Они посидели минутку, глядя, как престарелые огородники вдавливают в землю и поливают семена.
— Может, она переутомилась? — рассуждая вслух, сказал отец. — Мне кажется, она плохо питается. Как ты думаешь?
— Она никогда не отличалась аппетитом.
— Предпочитала продуктам книги. Картины! Где, ты думаешь, эта клиника? В Данди? Эдинбурге? Ты не представляешь, сколько в Шотландии частных клиник. Я смотрел в городской библиотеке. Большая часть, я думаю, для пьяниц.
— Я выясню, — пообещал Клем.
— Климат для нее слишком северный. Ей света не хватает. Тепла.
— Первый раз это случилось в Париже.
— Я знаю, знаю. Чепуху несу, — Он жалко улыбнулся. — Может, погуляем немножко? Нам будет полезно прогуляться.
Большинство приезжавших в деревню туристов, кроме тех, что оставались на ночь в гостинице, уже уехали. Был прилив, дамба покрылась водой, остров опять стал островом. Они пошли вдоль мыса к замку, потом вернулись и пересекли галечный пляж с перевернутыми, превращенными в мастерские и кладовки рыбацкими лодками. В конце пляжа дорожка круто поднималась вверх к маяку. Вскарабкавшись, они остановились у его подножия, подставив лица ветру. Вокруг было пустынно.

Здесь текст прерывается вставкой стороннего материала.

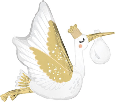 Celebrate baby's arrival with the Supershape Mylar Stork Balloon ! Perfect for a baby shower , birth celebration or baby birthday , this stork balloon will add a charming and festive touch to your event. Made from high-quality Mylar , this balloon is designed to be strong, durable and offer a vibrant visual, while being easy to inflate with air or helium. Add this Supershape Stork Mylar Balloon to your decorations and make baby's arrival unforgettable. It will add a touch of elegance and joy to your celebrations.
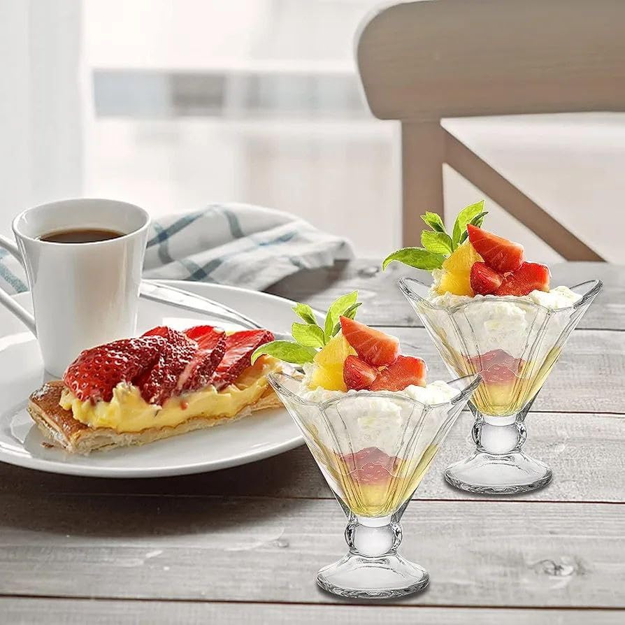 - ELEGANT DESIGN: Crystal clear glass martini-style sundae bowls feature a sophisticated stem design perfect for serving ice cream desserts in style
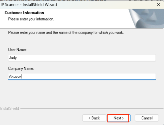 c. Enter User Name and Company Name, and click Next.
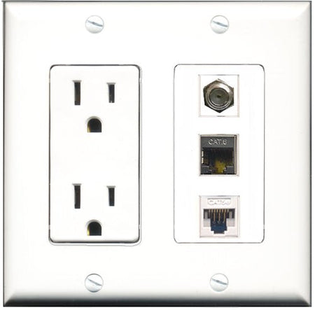 RiteAV - 15 Amp Power Outlet 1 Port Coax 1 Port Shielded Cat6 Ethernet Ethernet 1 Port Cat5e Ethernet White Decorative Wall Plate
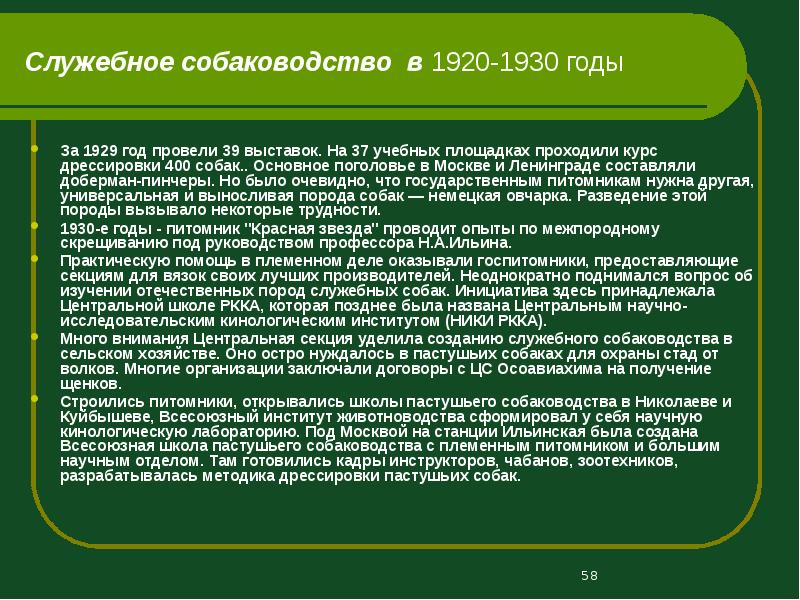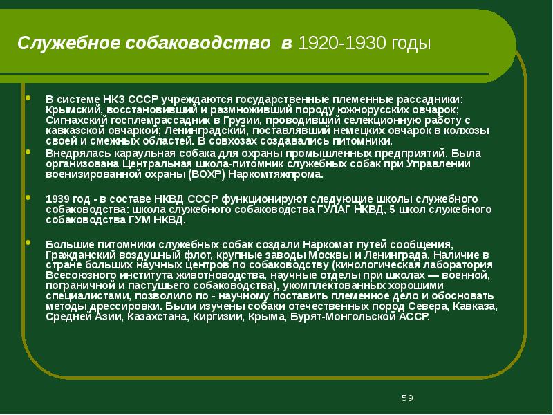 - 59. Служебное собаководство в 1920-1930 годы В системе НКЗ СССР учреждаются государственные

— Если двигаться по этой параллели, — сказал отец, указывая на восток, — в конце концов попадешь на побережье Дании. А дальше — Москва, Алеутские острова, Канада.
— И опять сюда.
— Да, в конце концов. Но я — не как ты, Клем. Я путешествую в голове. Не считая похода в Бервик раз в неделю. Ты знаешь, что я не был в Америке? Целый континент, куда мне ни разу не довелось ступить.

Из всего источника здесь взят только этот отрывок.